(Dr.Thomas, the Senior Anesthetist in Jubilee Hospital, Trivandrum, explains the techniques and issues in giving GA for this patient undergoing micro laryngeal surgery with a suspected cancer of the Larynx (Voice Box).
Anesthesia for Microlaryngeal Surgery
Anesthesia for micro laryngoscopy surgery creates many obstacles for the anesthetists and ENT Surgeons. The anesthesia techniques for Microlaryngoscopy using suspension and the operating microscope have been fully developed and safe.
Almost all micro laryngeal surgery is done with the patient under general anesthesia. The patient must be anesthetized strongly enough so that he does not gag with the laryngoscope in place, so that he doesn’t feel anything, and that he have no memory of the surgery. During the surgery the patient must be given oxygen and the carbon dioxide produced in the lungs must be removed. This is usually accomplished by a combination of intravenous medications and the use of anesthetic gases. The gases and oxygen are given by first passing an endo tracheal tube through the vocal folds into the upper windpipe. This is called intubation.

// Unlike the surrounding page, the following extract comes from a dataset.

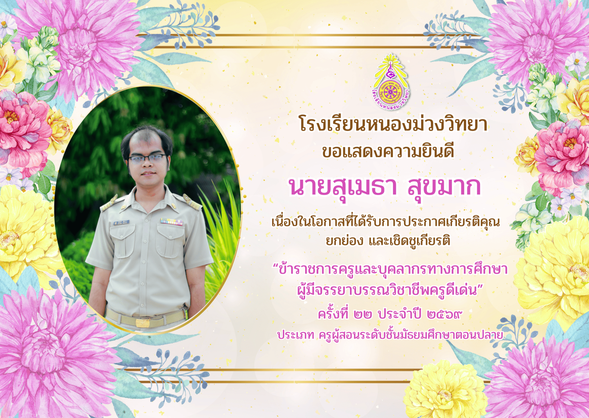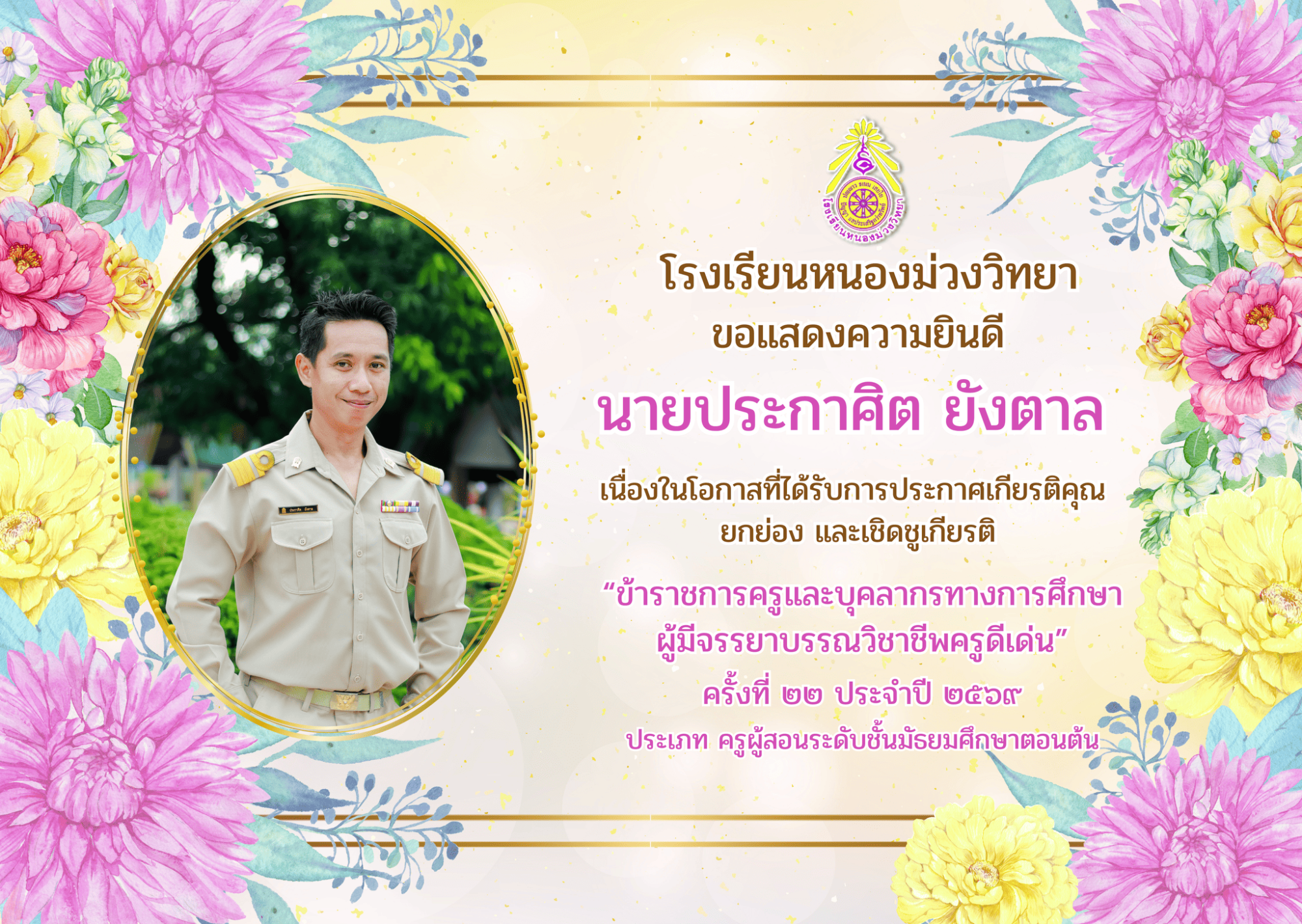 โรงเรียนหนองม่วงวิทยา ขอแสดงความยินดีกับ นายประกาศิต ยังตาล ครูกลุ่มสาระการเรียนรู้การงานอาชีพ และนายสุเมธา สุขมาก ครูกลุ่มสาระการเรียนรู้คณิตศาสตร์ เนื่องในโอกาสที่ได้รับการประกาศเกียรติคุณ ยกย่อง และเชิดชูเกียรติ “ข้าราชการครูและบุคลากรทางการศึกษา ผู้มีจรรยาบรรณวิชาชีพครูดีเด่น” ครั้งที่ 22 ประจำปีพ.ศ. 2569

When operating on the vocal folds, the endo tracheal tube can get in the way. There are a few techniques that can be used to minimize this problem. First, the anesthetist can use a very small tube. Second, a type of ventilation called jet ventilation can be used in which the oxygen and gases are blown into the lungs under a higher pressure. Jet ventilation requires either no tube or a very narrow tube, and gives the surgeon more room.